== Provided data

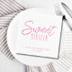 Serviettes en Sweet sixteen rose modernes. Le texte sur les serviettes peut être personnalisé, ce qui en fait un parfait ajustement pour une fête de 16ème anniversaire de filles. La fonctionnalité personnalisable permet d'ajouter des noms, des dates, des messages spéciaux ou toute autre information pertinente pour rendre l'événement plus spécial. Éléments correspondants disponibles. Veuillez utiliser le bouton Message me ci-dessous pour obtenir de l'aide sur la personnalisation et les demandes spéciales.
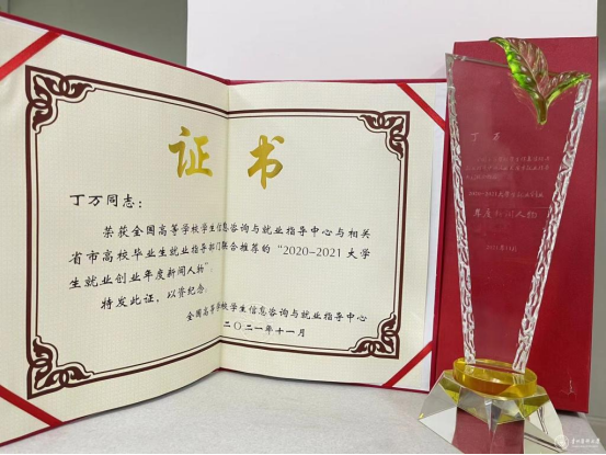 根据《关于启动“2020-2021大学生就业创业年度新闻人物”推荐工作的通知》要求,由我校选送的2017届毕业生典型丁万获评全国“2020-2021大学生就业创业年度新闻人物”。据悉,此次大学生就业创业年度新闻人物每省一个名额,全国共评选25名。
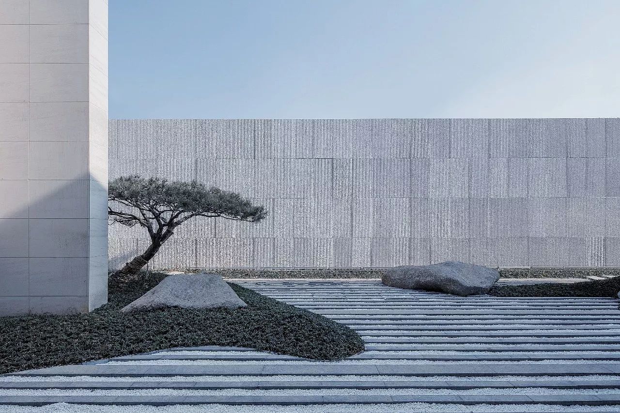 奇松巨石,借用建筑空間的對稱感,將景墻延伸穿插,形成高低層次的進(jìn)深空間。奇松半露,巨石橫臥,此水雖枯神未枯。望墻上疏影,品一茗熱茶。

====

Problem details: Give the material above again exactly as it stands, minus any images.

Task output:
 Serviettes en Sweet sixteen rose modernes. Le texte sur les serviettes peut être personnalisé, ce qui en fait un parfait ajustement pour une fête de 16ème anniversaire de filles. La fonctionnalité personnalisable permet d'ajouter des noms, des dates, des messages spéciaux ou toute autre information pertinente pour rendre l'événement plus spécial. Éléments correspondants disponibles. Veuillez utiliser le bouton Message me ci-dessous pour obtenir de l'aide sur la personnalisation et les demandes spéciales.
 根据《关于启动“2020-2021大学生就业创业年度新闻人物”推荐工作的通知》要求,由我校选送的2017届毕业生典型丁万获评全国“2020-2021大学生就业创业年度新闻人物”。据悉,此次大学生就业创业年度新闻人物每省一个名额,全国共评选25名。
 奇松巨石,借用建筑空間的對稱感,將景墻延伸穿插,形成高低層次的進(jìn)深空間。奇松半露,巨石橫臥,此水雖枯神未枯。望墻上疏影,品一茗熱茶。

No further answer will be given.